久しぶりにフェス会場でみたオレンジレンジは、やっぱりフェスの王様だった。

「今日の景色を私は一生忘れへんやろうな。」
何度か言ったことのある台詞を、今までとは異なる圧倒的な強さでそう感じた。2018年のフェスの一幕。
 

オレンジレンジのライブを初めてみたのは、2005年だった。
当時の私は、オレンジレンジを見るのも初めてなら、ライブやフェスさえ行ったことがなく、さらには家族以外の人と旅行も行ったことがなく、ないない尽くしの何もかも初めての旅だった。
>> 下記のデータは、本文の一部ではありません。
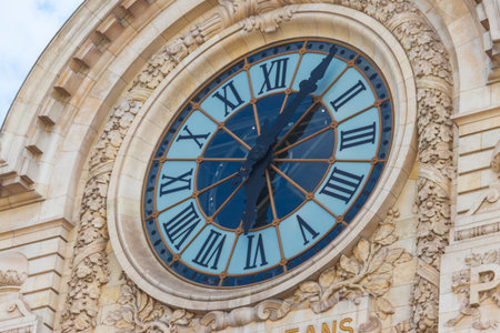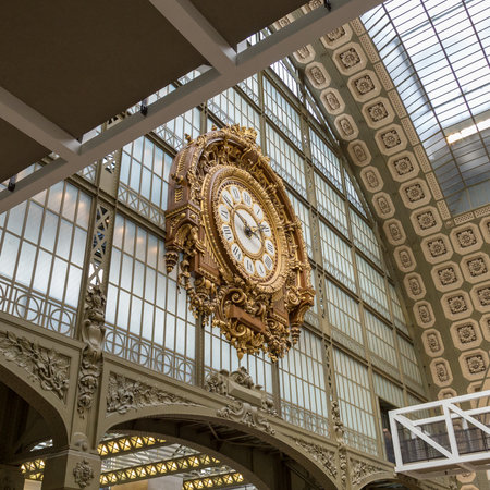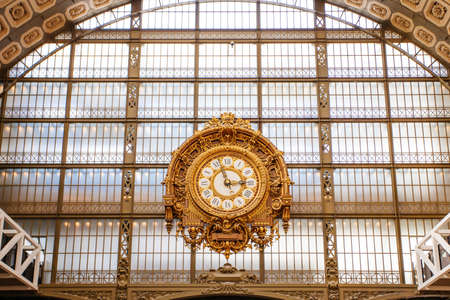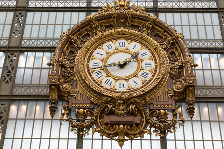 Paris, northern France - July 11, 2017. Close-up of golden clock at the Quai d'Orsay Museum main hall in Paris. Known as the City of Light, it is one of the world's most awesome cultural centers.

にも関わらず、用意もそこそこに、気がつくとチケットを握りしめて年末の沖縄に飛びたっていた。
沖縄で大好きなオレンジレンジと年を越したいという一心で。

そこで初めて、こんなにも人の圧ってすごいんや!と体感するくらい大勢の観客の波にのまれ、ドラえもんやタモリさんくらい実在するのか疑問に思っていた大好きなオレンジレンジがすぐ目の前にいて、とにかく始終楽しかったのを今でもよく覚えているし、そのとき10年後の夢を抱いたのも覚えている。
『10年後もオレンジレンジのライブに行って、笑って過ごしていますように!』と。
 

それから、早いことに10年以上が経った。
その当時、まわりから「アホな夢やな~」と笑われていた夢は見事に叶い、それどころか13年前には想像していなかった絶景まで今年見ることができた。

出会ってからの13年間ツアーやイベント、対バン等、様々な機会でオレンジレンジを見ていたが、そういえば、ここ数年オレンジレンジが出るフェスに行けていなかった。
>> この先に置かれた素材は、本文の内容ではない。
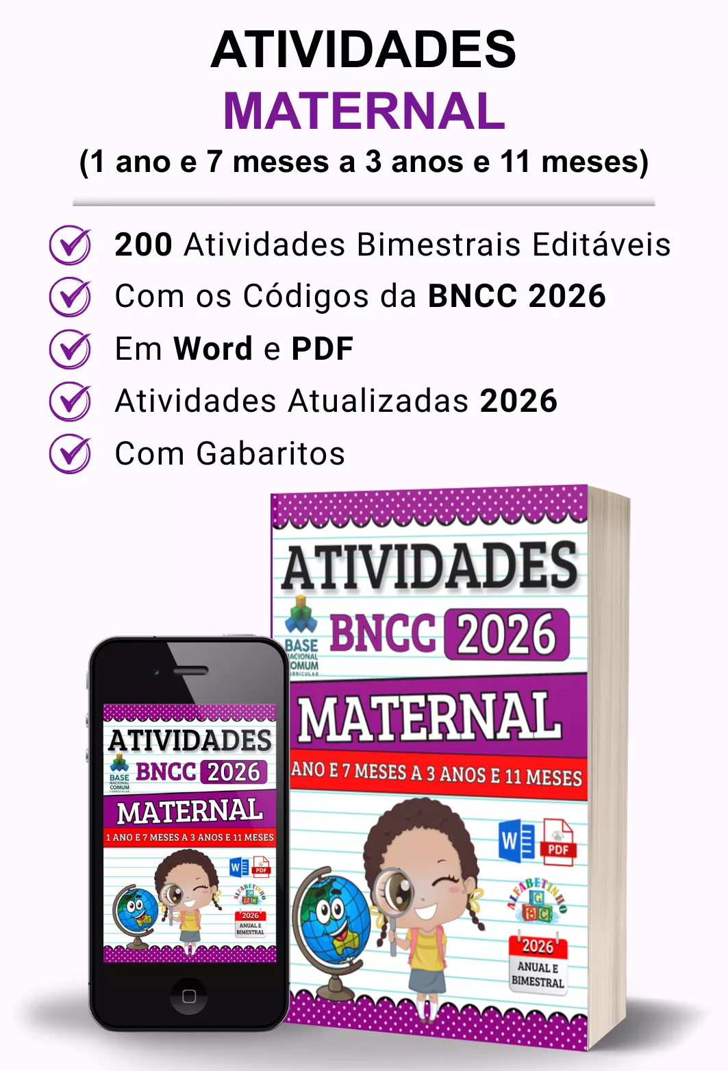 Essa é apenas uma pequena amostra das atividades. O material completo contém mais de 500 páginas, 100% atualizadas para o seu 2026 e editáveis em Word, com todos os códigos da BNCC!

この日のフェスは、若手邦ロックバンドが集うフェスだった。客層がいつものオレンジレンジライブより若く感じた。musiQが発売されたとき、彼、彼女たちは小学校低学年くらいかな?もしかして、お母さんがオレンジレンジファンなんですっていうくらいなのかな?なんて思いながら会場を見渡していた。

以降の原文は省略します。